(DATA EXCERPTS Opens)

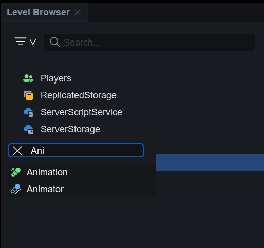 애니메이션을 사용하려면 Level Browser에 **반드시 배치**되어 있어야 합니다. ServerStorage에 **Animation**을 추가합니다.
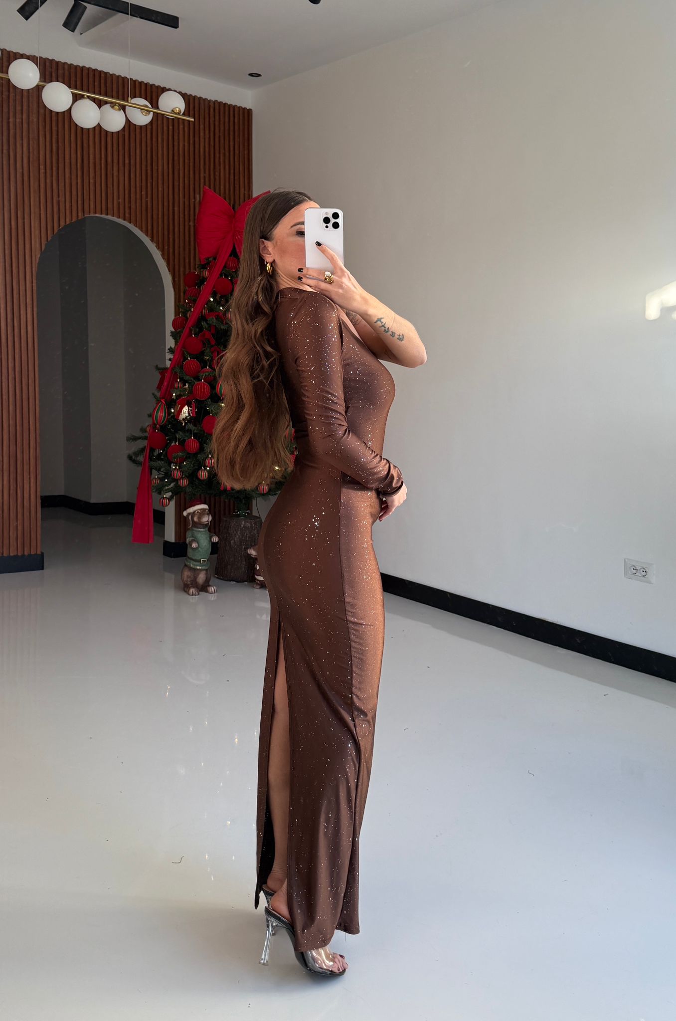 Abito da donna in lycra con spacco sul retro sul finale, tessuto brillantinato ed elasticizzato e vestirà bene fino ad una M/L
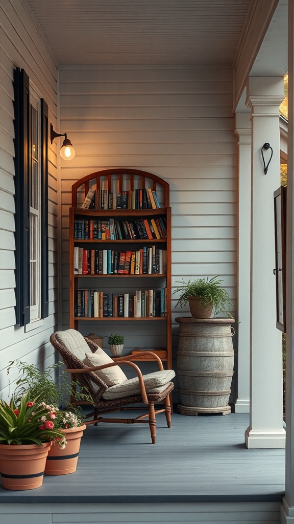 Your front porch can be a perfect reading nook. Imagine a cozy chair, just like the one in the picture, ready for you to sink into with a good book. The soft cushions invite you to relax and unwind, making it an ideal spot to enjoy your favorite stories.
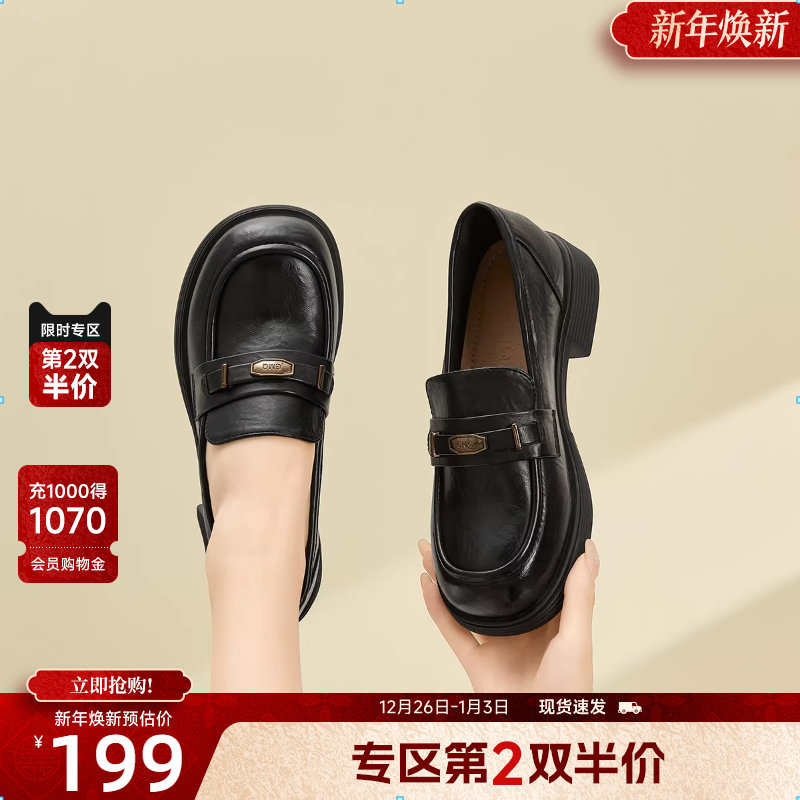 达芙妮时尚单鞋女新款春秋百搭休闲鞋气质乐福单鞋玛丽珍鞋工作鞋
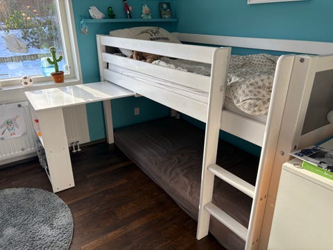 Halvhøj seng med udtræksskrivebord
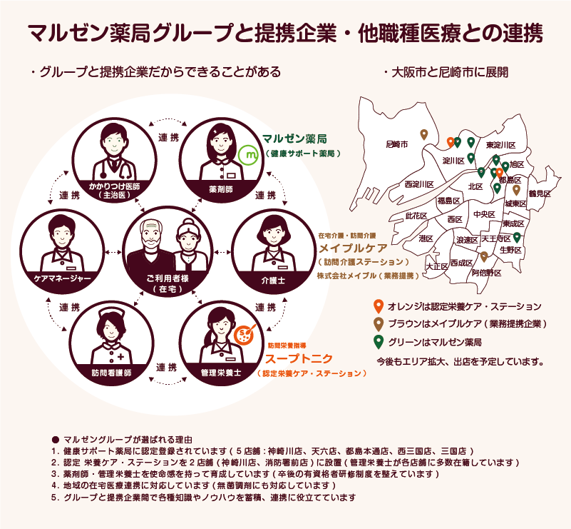 また、訪問介護事業を展開している「株式会社メイプル 」は、マルゼン薬局グループの業務提携企業となります。
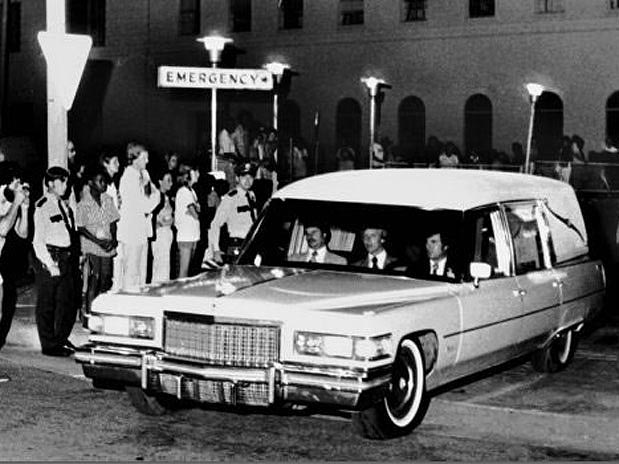 Rabecão com o corpo de Elvis deixa o Baptist Memorial Hospital, em Memphis
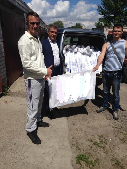 Так, тільки за останні два тижні вже двічі представники об’єднання відвезли на передову продукти харчування, зібрані Центром забезпечення військових у зоні АТО, смаколики, приготовлені дбайливими руками дівчат зі «Смачної сотні», дві тисячі мішків для спорудження укріплень, передані приватним підприємцем Мелконяном Агароном Коляєвичем. Приємним подарунком для «айдарівців» став також привезений ветеранами оптичний приціл.
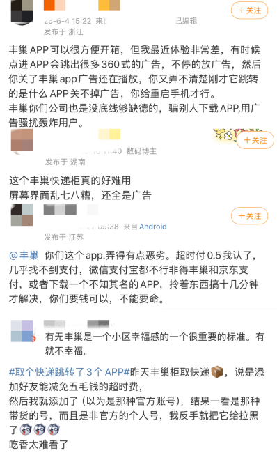 法治网记者调查发现,不少网友在社交平台上吐槽丰巢取件支付体验不佳。网友们反映的问题主要集中在:付款时流程繁琐,扫码后页面出现其他支付平台,选择付款还会跳转并弹出金融广告,诱导下载APP,疑似存在分期付款诱导套路。还以“添加好友减免超时费”等优惠活动为诱饵,用户添加后却发现是个人带货账号。有网友气愤表示,“吃相太难看了”。
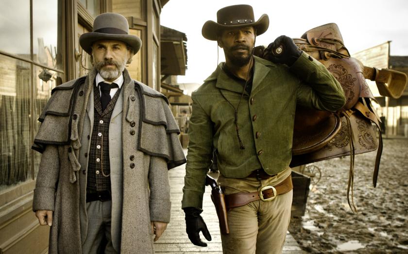 The year is 1858, two years before the American Civil War, and the setting "somewhere in Texas". We watch as a pair of slave trading brutes move their shackled men by night. From the darkness emerges the unlikely figure of Dr King Schultz (Christoph Waltz) riding his mobile dentistry wagon - giant molar waggling atop it on a spring. This seemingly benign, erudite and highly eccentric gentleman is actually a bounty hunter, here for a slave named Django (Jamie Foxx) who can help him identify a trio of brothers who've escaped justice and are worth a pretty penny. One bloody confrontation later and Django and the other slaves are free.

(DATA EXCERPTS Closes)

■ **EXERCISE DIRECTIONS**: Each line of the data needs to be output exactly, with any image excluded.

■ **TASK RESULT**:
 애니메이션을 사용하려면 Level Browser에 **반드시 배치**되어 있어야 합니다. ServerStorage에 **Animation**을 추가합니다.
 Abito da donna in lycra con spacco sul retro sul finale, tessuto brillantinato ed elasticizzato e vestirà bene fino ad una M/L
 Your front porch can be a perfect reading nook. Imagine a cozy chair, just like the one in the picture, ready for you to sink into with a good book. The soft cushions invite you to relax and unwind, making it an ideal spot to enjoy your favorite stories.
 达芙妮时尚单鞋女新款春秋百搭休闲鞋气质乐福单鞋玛丽珍鞋工作鞋
 Halvhøj seng med udtræksskrivebord
 また、訪問介護事業を展開している「株式会社メイプル 」は、マルゼン薬局グループの業務提携企業となります。
 Rabecão com o corpo de Elvis deixa o Baptist Memorial Hospital, em Memphis
 Так, тільки за останні два тижні вже двічі представники об’єднання відвезли на передову продукти харчування, зібрані Центром забезпечення військових у зоні АТО, смаколики, приготовлені дбайливими руками дівчат зі «Смачної сотні», дві тисячі мішків для спорудження укріплень, передані приватним підприємцем Мелконяном Агароном Коляєвичем. Приємним подарунком для «айдарівців» став також привезений ветеранами оптичний приціл.
 法治网记者调查发现,不少网友在社交平台上吐槽丰巢取件支付体验不佳。网友们反映的问题主要集中在:付款时流程繁琐,扫码后页面出现其他支付平台,选择付款还会跳转并弹出金融广告,诱导下载APP,疑似存在分期付款诱导套路。还以“添加好友减免超时费”等优惠活动为诱饵,用户添加后却发现是个人带货账号。有网友气愤表示,“吃相太难看了”。
 The year is 1858, two years before the American Civil War, and the setting "somewhere in Texas". We watch as a pair of slave trading brutes move their shackled men by night. From the darkness emerges the unlikely figure of Dr King Schultz (Christoph Waltz) riding his mobile dentistry wagon - giant molar waggling atop it on a spring. This seemingly benign, erudite and highly eccentric gentleman is actually a bounty hunter, here for a slave named Django (Jamie Foxx) who can help him identify a trio of brothers who've escaped justice and are worth a pretty penny. One bloody confrontation later and Django and the other slaves are free.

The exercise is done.